Se não se lembram de ter ouvido falar do nome de Portugal numa edição qualquer dos Óscares, não é porque estavam distraídos. É simplesmente porque tal nunca aconteceu. Portugal detém o recorde (empatado com o Egipto) do maior número de submissões de filmes à categoria de Melhor Filme Estrangeiro sem qualquer nomeação e provavelmente sem sequer constar nas short lists anteriores à divulgação dos cinco nomeados.
Ora este é um feito raríssimo na Europa, com poucos os países a nunca terem sido nomeados na categoria, conforme a imagem abaixo indica. (A verde escuro constam os países que já venceram pelo menos uma vez na categoria e a verde claro, os países que pelo menos obtiveram uma nomeação).
Portugal submete filmes desde 1980 e as suas 27 submissões nunca foram nomeadas. Dessas, nove filmes eram realizados por
Manoel de Oliveira, provavelmente o cineasta português mais conhecido em todo o mundo. Contudo, mesmo assim os filmes submetidos nunca surtiram grande efeito junto dos membros da Academia. Qual será a razão? O gosto da Academia norte-americana é particularmente conservador, mais assente em dramas com histórias motivadoras, histórias de esperança ou chamadas de atenção com temáticas como do Holocausto. Basta olharmos por exemplo para as cinco últimas cerimónias onde os vencedores foram o dinamarquês
In a Better World (um drama em mosaico, com tendência moralista e lições geopolíticas e conclusões sobre a amizade, família e tolerância), o argentino
El Secreto de sus Ojos (uma história extremamente bem contada, uma espécie de regresso ao cinema clássico norte-americano com uma temática forte, mas que fala sobretudo do poder do amor), o japonês
Departures (um filme inspirador, poético e delicado sobre a família, vida e morte, sucesso e comunidade), o austríaco
The Counterfeiters (ambientado na II Guerra Mundial, sobre um falsificador de dinheiro condenado aos campos de concentração de Auschwitz) e o alemão
The Lives of the Others (uma reflexão sobre a condição humana numa Alemanha fascista pós-queda do Muro de Berlim). Todas os pressupostos habituais estiveram envolvidos na produção destes filmes, daí que - gostos e qualidade à parte - é perfeitamente natural dentro dos parâmetros habituais da Academia, que estes tenham sido os vencedores.

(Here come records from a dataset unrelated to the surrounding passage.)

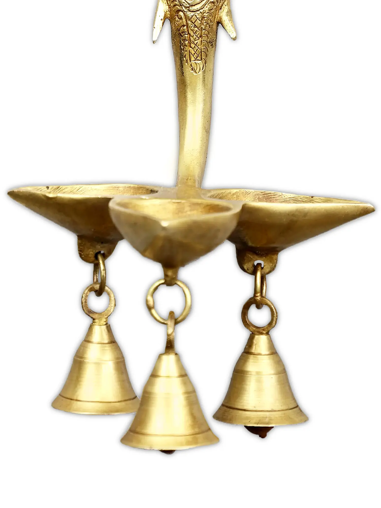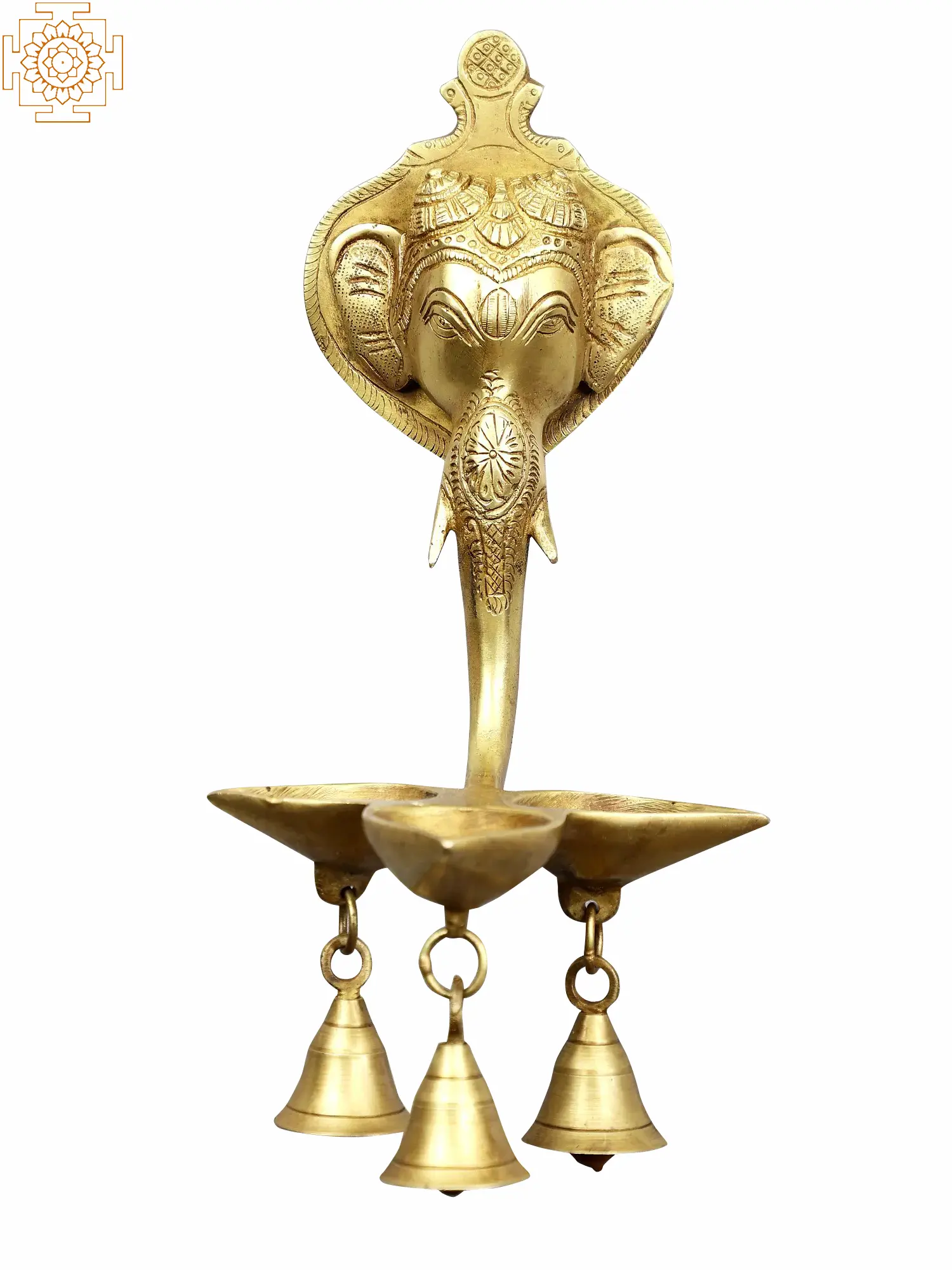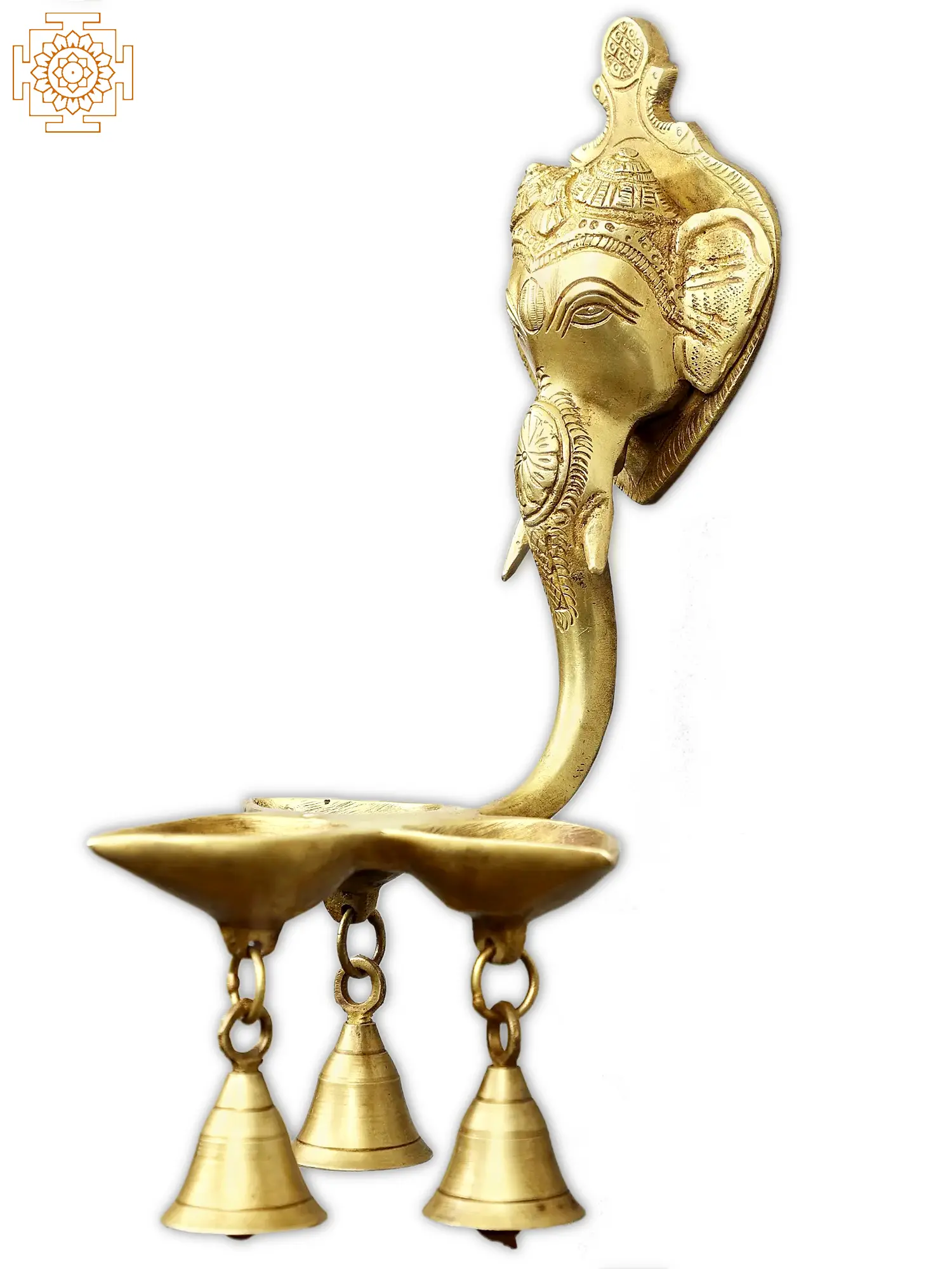 This brass lamp with a Ganesha head pays homage to Lord Ganesha, the creator of all things in the universe. Ganesha, the Lord of the Universe, is shown magnificently, looking compassionately at his devotees. This piece of art incorporates everything religious, whether it's the figure of Lord Ganesha or the presence of the lights, which aid the image. The bells beneath the lamp represent the cosmic vibrations that produce happiness. The art is highly original. The warm blessings of the deities, as well as the holy sound and patronage of Lord Ganesha, are provided by lighting this lamp.
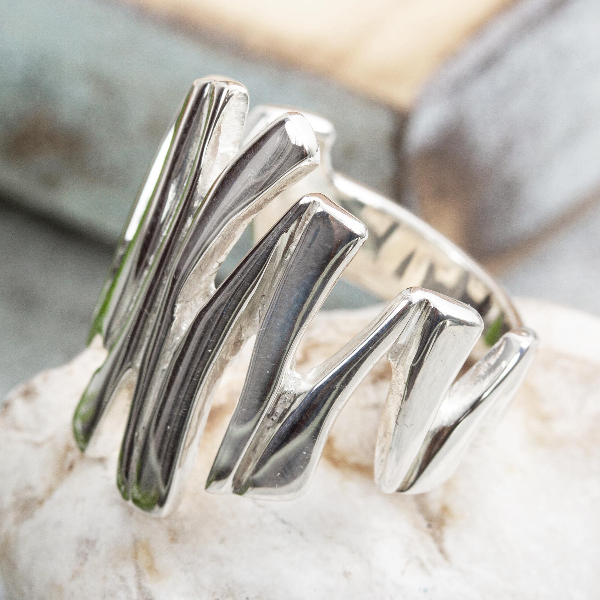 Gleaming with a soulful, high-polish finish, this cocktail ring from Mexico is designed by Oscar Figueroa Escorcia. He works in the tradition of Taxco silversmithing as he crafts the ring, which features modern shapes at its front.
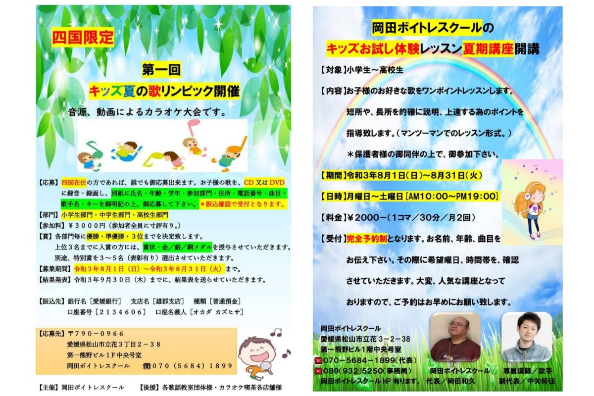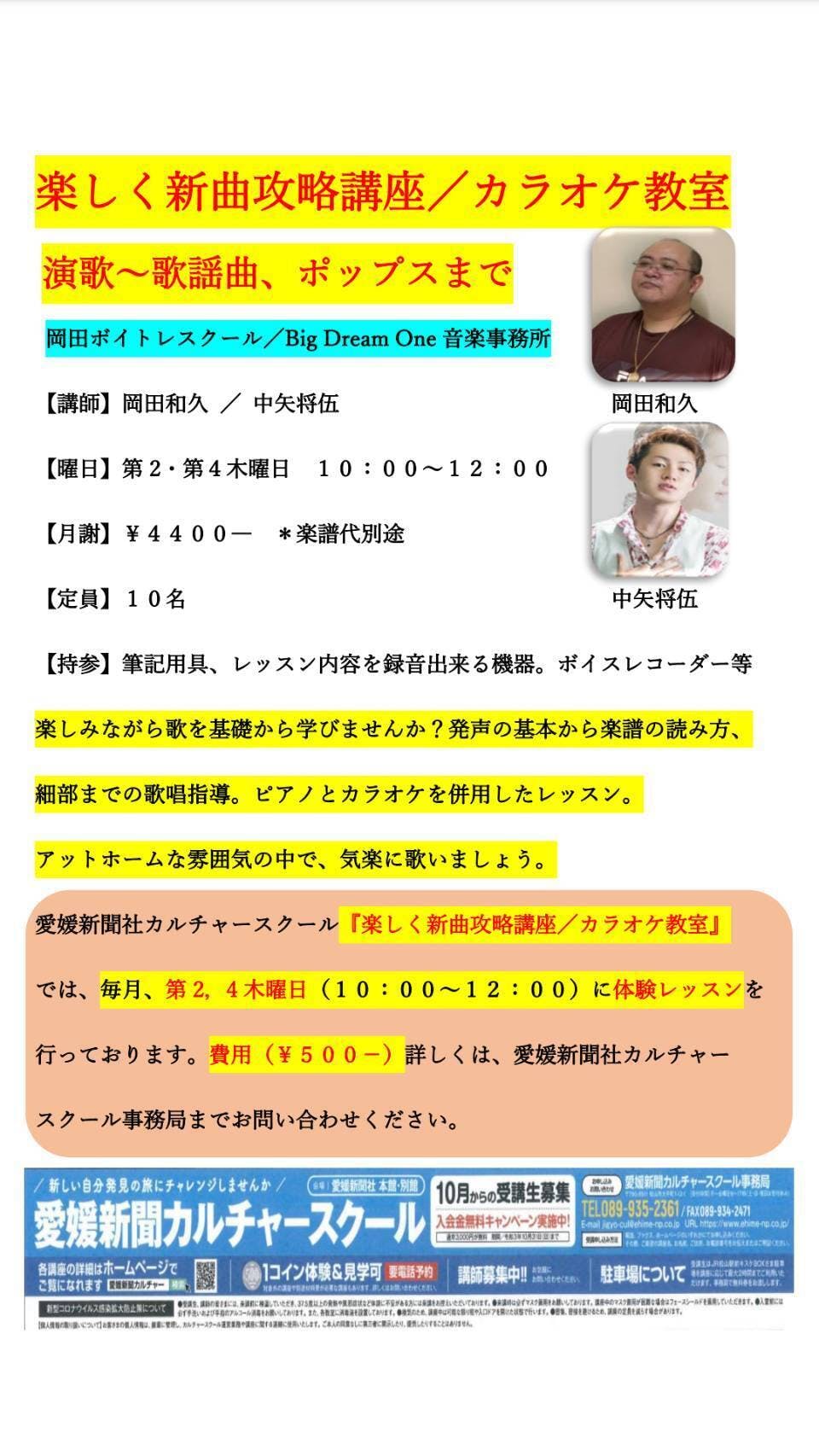 私共、岡田ボイトレスクールは設立21年目を誇るスクールで、愛媛県松山市で活動しております。
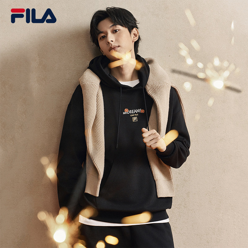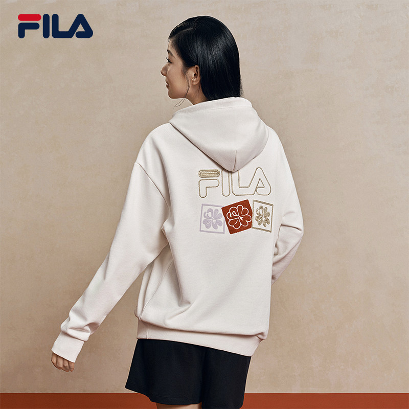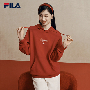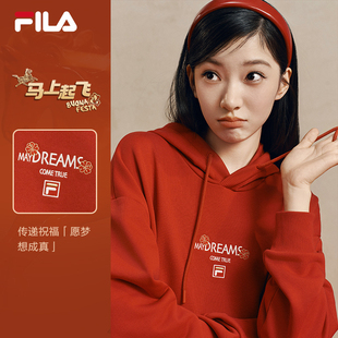 马上起飞FILA斐乐男女连帽卫衣2026春新款 情侣海棠花红色新年上衣
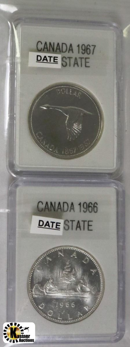 AA) 2PCS CAN. SILVER DOLLAR 1966, 1967
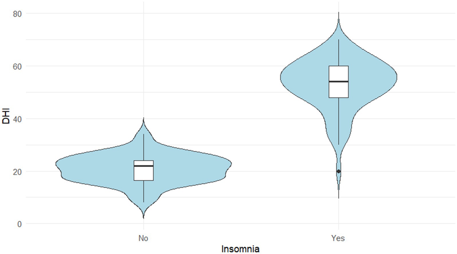 To assess the impact of insomnia, DHI scores were compared between patients with and without insomnia. A Mann–Whitney U test revealed that the DHI scores were significantly higher in the insomnia group compared to the non-insomnia group (p < 0.05). The violin plot in Figure 2 visually illustrates this difference in score distribution between the two groups.

Como funciona esta categoria? Uma cópia com legendas em inglês enviada por cada país para a Academia. Todos eles são mostrados a um comité especializado, constituído por trinta membros, incluindo dez membros nova-iorquinos, que em meados de Janeiro submete uma short list de nove filmes, que depois é reduzida a cinco nomeados. Apenas, esses cinco nomeados são mostrados a todos os membros da Academia norte-americana.
E Portugal? O que tem apresentado? Não discutimos a qualidade dos filme submetidos, mas sim o género. Habitualmente o ICA submete filmes de autor, com temáticas abstractas ou fortes, que não fazem o género da Academia (nem do público português), mesmo que tenham tido boa recepção na crítica especializada. Crítica essa que habitualmente não corresponde ao perfil da Academia. Então o que precisamos? Provavelmente de filmes portugueses que façam carreira comercial (e não apenas a nível de critica) nos Estados Unidos e que chamem a atenção da Academia a cada ano que passa. Precisamos de ganhar renome lá fora, como o caso de festivais internacionais - já tivemos recentemente uma Palma de Ouro para Melhor Curta-Metragem, um Leopardo d'Ouro no Festival de Locarno, o ano passado mais que um título português figurou em listas internacionais de melhores filmes do ano, entre outros.
Abrimos aqui o debate, o que é necessário para um filme português ser nomeado ao Óscar de Melhor Filme Estrangeiro?